His second line of inquiry involves the financialization of the global economy that followed the end of the Bretton Woods system in the 1970s and its effects on the Soviet Union. Concurrent with this financialization were the oil shocks of that decade, which gave the Soviet leadership the kind of capital reserves it had longed for during its history. Oscar's research examines what it means for a country's foreign relations to become subject to the logic of credit and capital.

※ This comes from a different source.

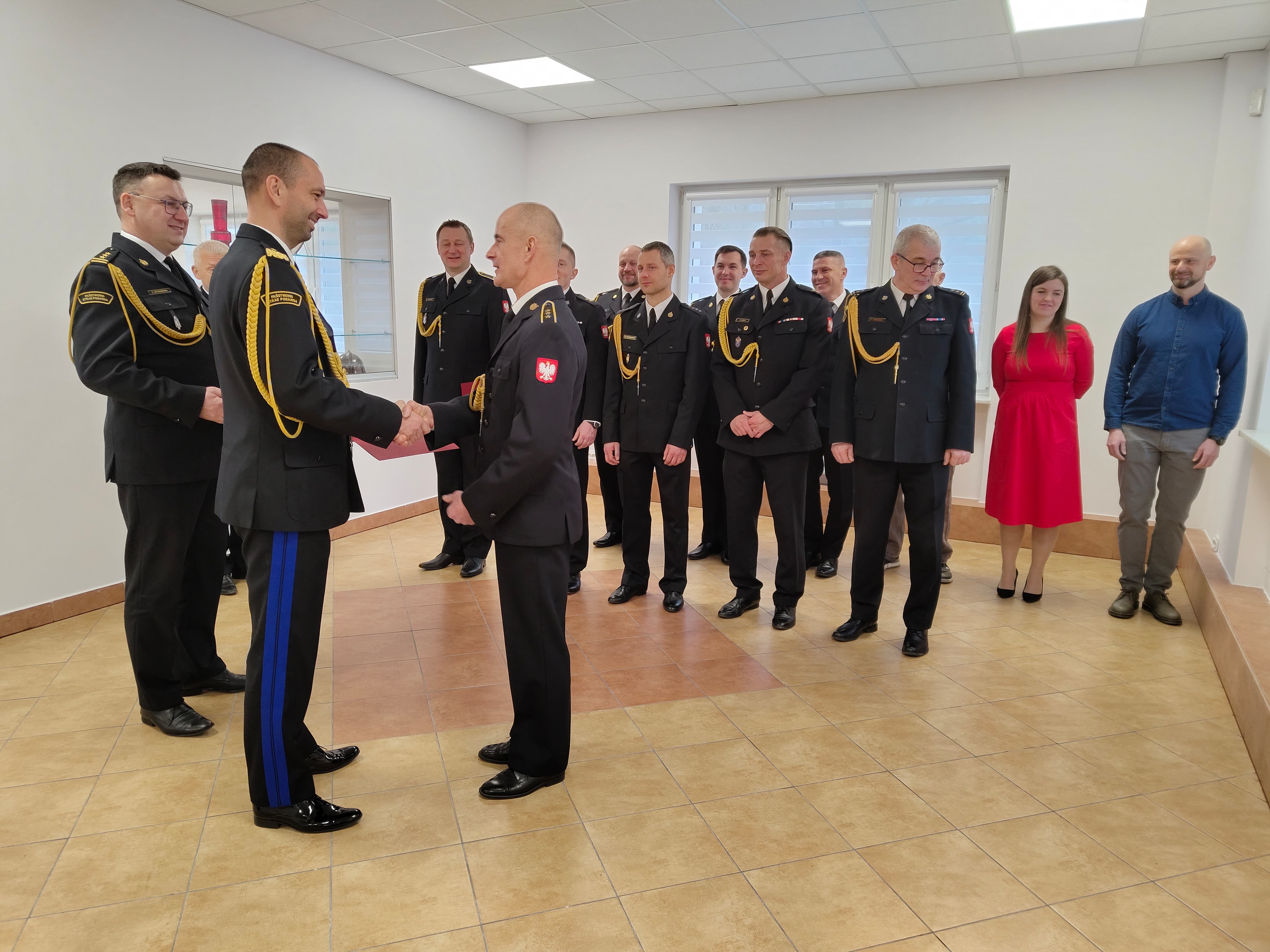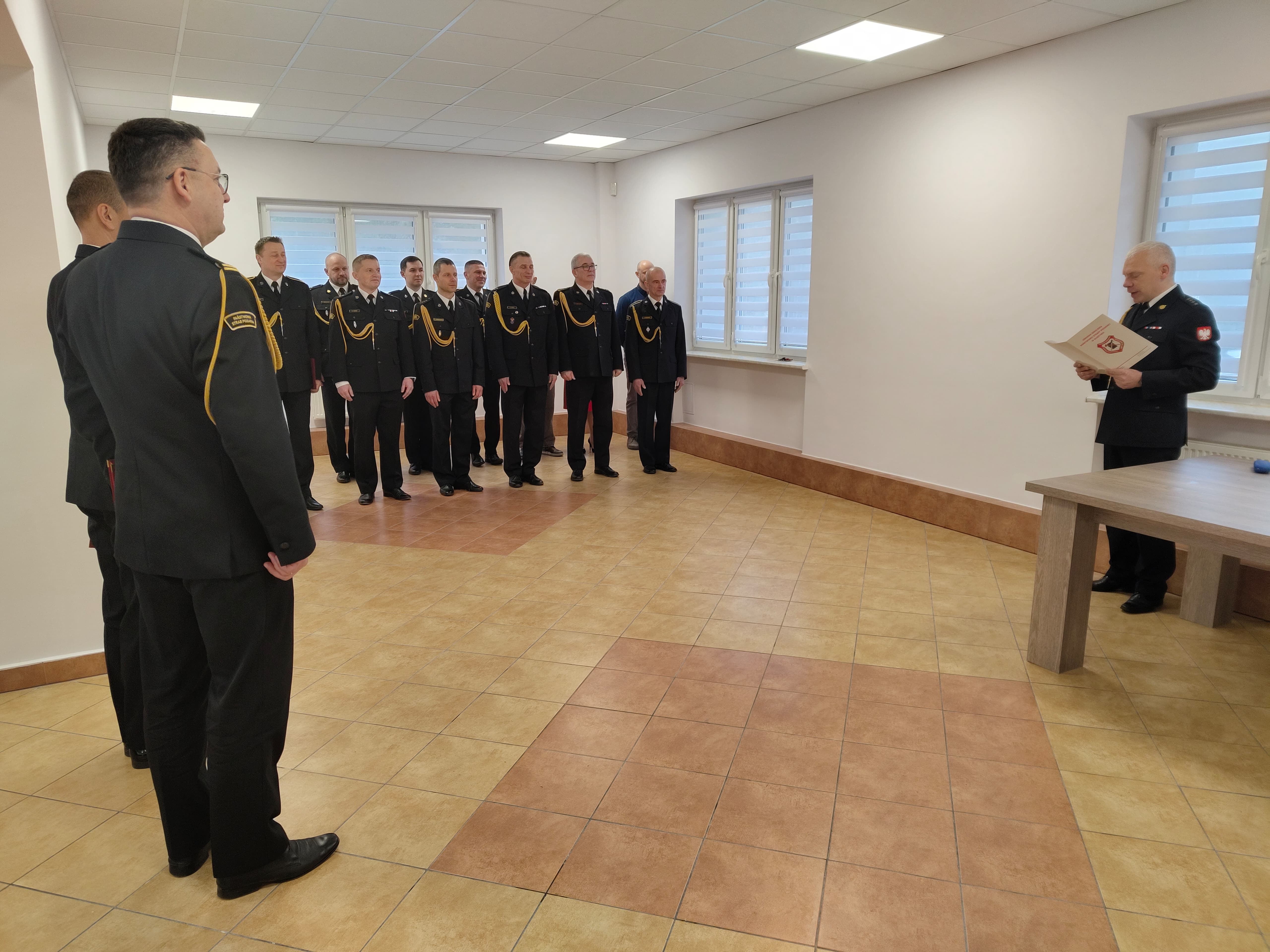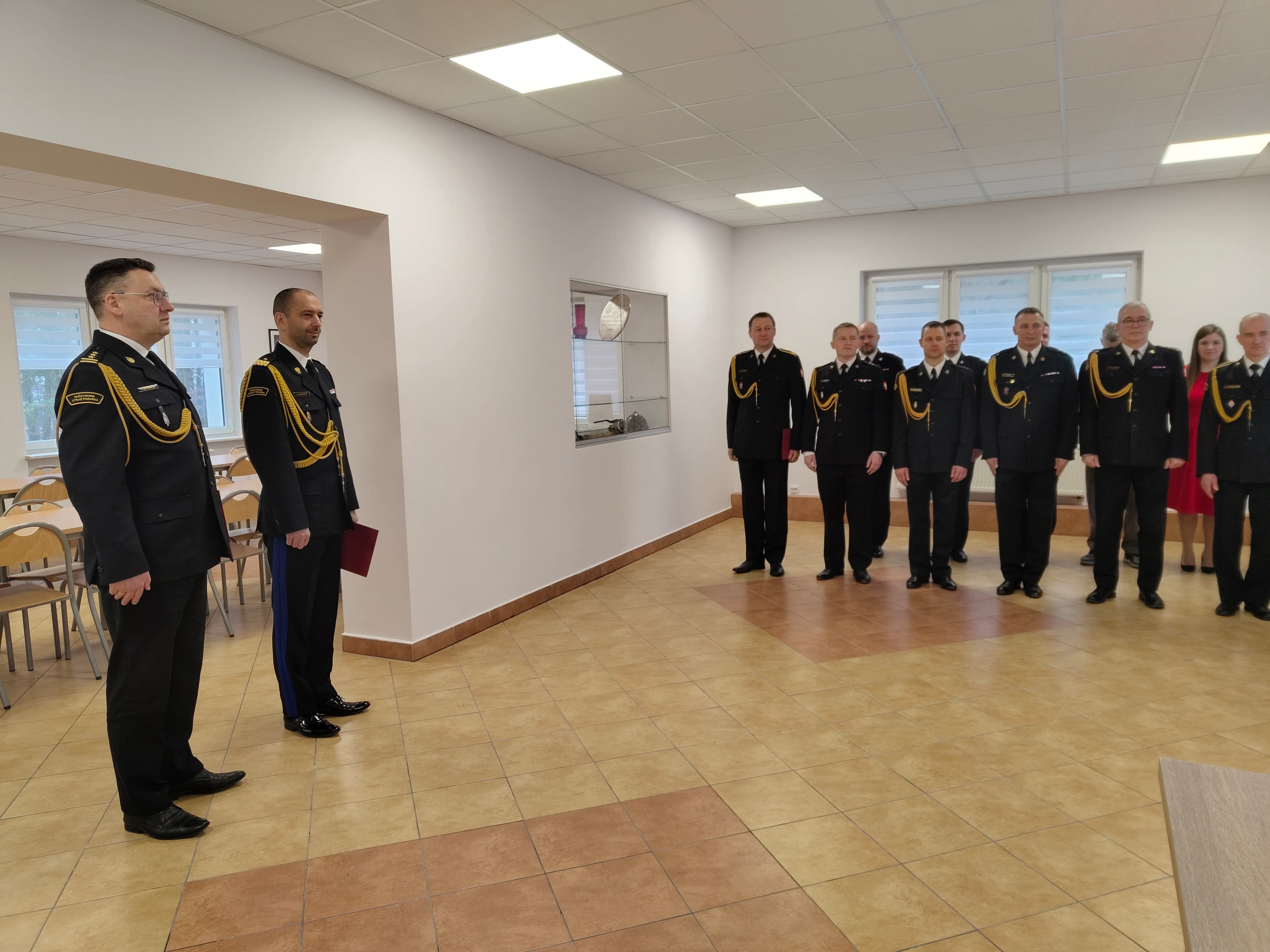 Z tej okazji w Ośrodku Szkolenia Komendy Wojewódzkiej PSP, w którym przez ostatnie 7 lat asp. sztab. Puźniewski pełnił służbę, odbyła się uroczysta zbiórka. Na zbiórce nadbryg. Michał Kamieniecki Warmińsko-Mazurski Komendant Wojewódzki PSP w towarzystwie swojego Zastępcy st. bryg. Tomasza Ostrowskiego oraz funkcjonariuszy i pracowników Komendy Wojewódzkiej PSP złożył podziękowania za ponad trzydziestoletnią służbę w szeregach straży pożarnej, a także przekazał życzenia na nową, emerytalną już drogę życia.

|Professor Charles Schencking|
Following Japan's most deadly and destructive natural disaster—the Great Kantō Earthquake of 1923—Americans responded to Japan's suffering with an outpouring of aid unrivalled to this day. Professor Schencking's study explores the simple, yet poignant question: Why? Why did Americans give so much and what did they hope for in return? How was aid given and why is this case of American humanitarianism so unique? America's Tsunami of Aid illustrates how a complex set of perceived humanitarian obligations coupled with opportunistic visions for economic and political gain defined America's aid campaign for Japan. In doing so, it paints an entirely new picture of America's interwar internationalism, Japanese-American relations, and of 1920s America itself. It also revolutionizes the understanding of the American Red Cross, President Calvin Coolidge, and the origins of what Professor Schencking describes as the beginnings of America's humanitarian century abroad, 1918 to 2017.

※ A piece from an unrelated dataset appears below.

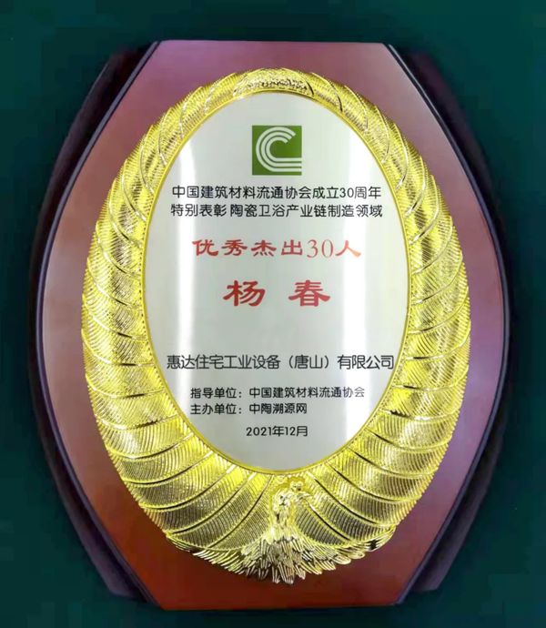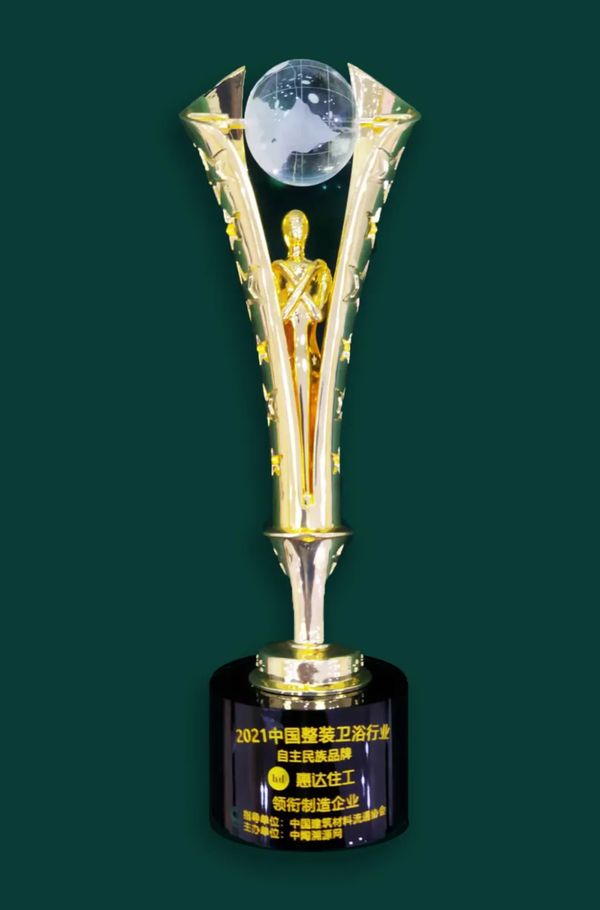 作为建材与家居行业的年度盛事,来自全国家居建材行业的专家、房地产企业家、工程建设单位负责人以及行业知名媒体人等精英齐聚一堂,共话绿色建筑发展新趋势。经过专家组综合评审,惠达住工凭借强大的品牌影响力以及卓越的产品质量分别荣获2021年中国整装卫浴行业“自主民族品牌”领衔制造企业奖和“精工匠心金奖”,同时,惠达住工总经理杨春被评为“陶瓷卫浴产业链制造领域杰出人物”。

America's Tsunami of Aid does not look at this extraordinary "humanitarian moment" exclusively from the side of the givers. Drawing on a wealth of materials from Japanese archives, this study also explores how Japanese officials and citizens used donated cash and materials. Importantly it also documents how Japan expressed its gratitude toward Americans through a series of soft-power public relations campaigns coupled with a frenzy of economic activity within America. When completed, this study will appeal to scholars and students of American, Japanese, and Asian American history as well as those interested in humanitarianism and natural disasters. It will also appeal to the general public. Professor Schencking's study conveys a story that will make Americans feel proud about their international philanthropic past and hopefully, encourage everyone to rethink the importance of global humanitarian engagements in an era of increasing popular nationalism.
|Dr. Carol Tsang|
Dr. Carol Tsang is currently completing the monograph, Better Babies: Reproduction in Modern Hong Kong, which explores a wide range of discourses about reproduction that the government, elites, obstetricians, and journalists produced and circulated in the twentieth century, a period when Hong Kong became increasingly connected with the outside world. These important groups advised women, sometimes their spouses, on how to make more and better babies, and how to control their fertility. They engineered substantial reforms by implementing policies, funding institutions, and providing free or low-cost maternal health services and contraception. On a conceptual level, her project uses oral histories, and media technologies including the newspapers, and the radio and television broadcasting to examine the production, reproduction, and transmission of knowledge about pregnancy, childbirth, and family planning. With these literary and visual representations, she aims to uncover ordinary people's obscure past by deconstructing the dialogues between the government, educated elites, and commoners.